“I can’t think of anything that excites a greater sense of childlike wonder than to be in a country where you are ignorant of almost everything,” writes Bill Bryson in Neither Here nor There: Travels in Europe. “You can’t read anything, you have only the most rudimentary sense of how things work, you can’t even reliably cross a street without endangering your life. Your whole existence becomes a series of interesting guesses.”
From my own experience working abroad, I too have found that to be the case—that ignorance can be a powerful catalyst for personal growth and can lead to an enhanced set of highly transferable skills. Now that hiring managers, and employers are placing a greater emphasis on emotional intelligence (EQ) and soft skills—and are recognizing the importance of evaluating these skill sets during the hiring process—it’s just as imperative for workers to develop and improve their positive personality traits as it is for them to hone technical skills. In fact, a study from OfficeTeam at the staffing service company Robert Half found that “More than one in five employees (21 percent) believe EQ is more valuable in the workplace than IQ. Nearly two-thirds (65 percent) said the two are equally important.”
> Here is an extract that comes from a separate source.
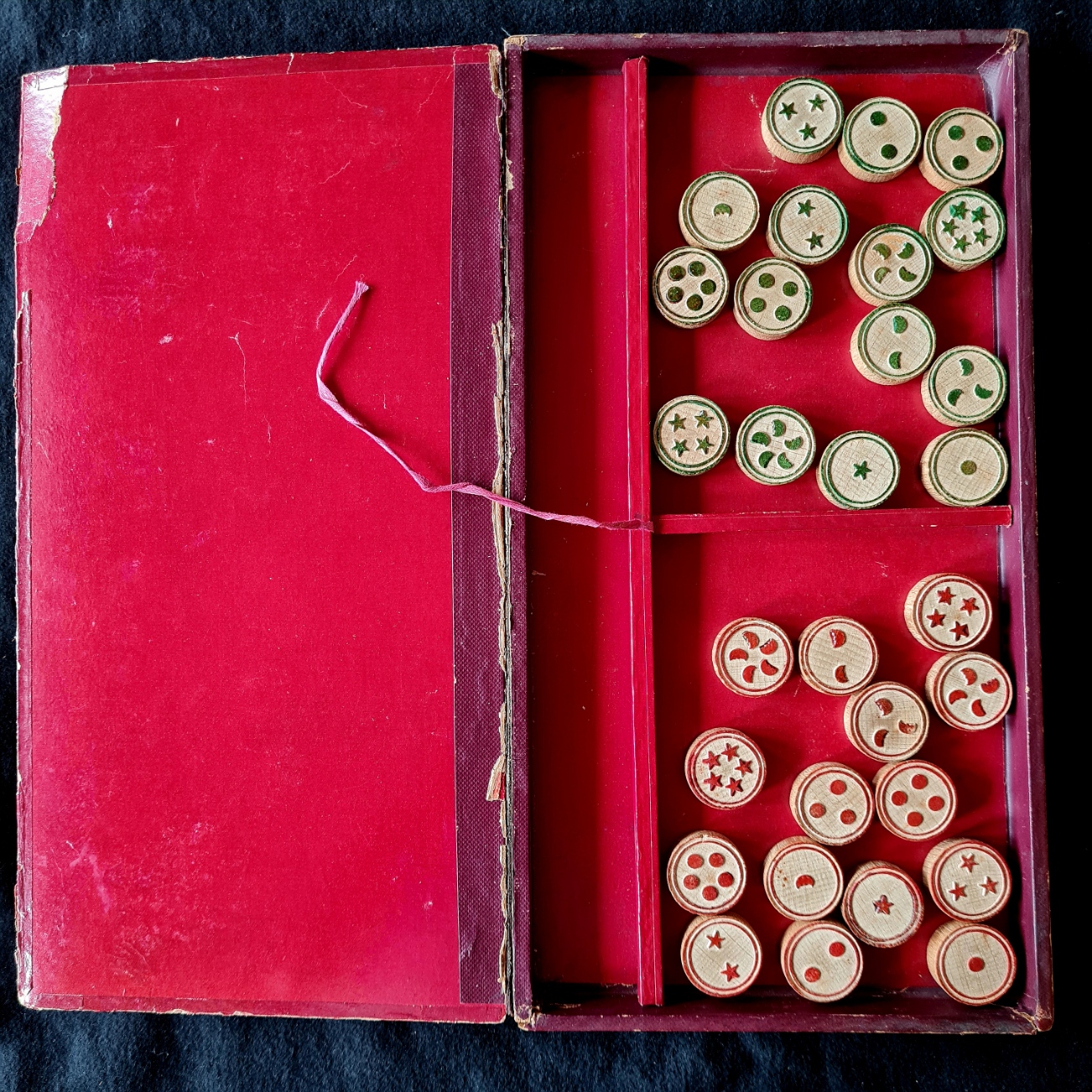 Außerdem enthält sie 90 nummerierte Holzchips (ebenfalls vollständig!). Abdeckplättchen sind keine vorhanden.

Before we can begin to examine how living abroad acts as an accelerated lesson in productivity-inducing office behavior, we need to identify the most crucial soft skills. A lesson created by the Department of Labor for Youth in Transition highlights Communication, Enthusiasm & Attitude, Teamwork, Networking, Problem Solving & Critical Thinking, and Professionalism as necessary soft skills for the modern workplace. And according to an article from Business Insider, insights from LinkedIn revealed that hiring managers look for adaptability, culture fit, collaboration, leadership, growth potential, and prioritization.
Now how exactly does working and traveling abroad generate improvement in these soft skills? Let’s revisit Bryson’s statement about the value of ignorance. When abroad, you’re immediately thrust into the unknown and depending on the situation, have little time to find a toehold before you’re expected to perform at your best. But in a way, that’s precisely the environment you need to adopt these skills; a PowerPoint on how to collaborate with your team or a workbook on effective leadership can only do so much. What you really need to build your soft skills toolbox is to have no other choice but to learn. That brings me to…
In a survey conducted by Northwestern University, successful expats considered open-mindedness and flexibility to be the most important qualities for anyone transferring to a position abroad, and it’s easy to see why. New cultural customs, whether it be the timing of meals, greeting etiquette, even preferred modes of transportation require some getting used to, and refusing to comply with local standards of living is unlikely to win you any favors or demonstrate your ability to become a long term member of the team. In the home-office, adaptability and flexibility are equally necessary. Being open to reconfiguring previously assigned roles and responsibilities, making room for new team members, even doing something as insignificant as agreeing to switch desks, these are all examples of how being open minded and refraining from rigidity can prove beneficial.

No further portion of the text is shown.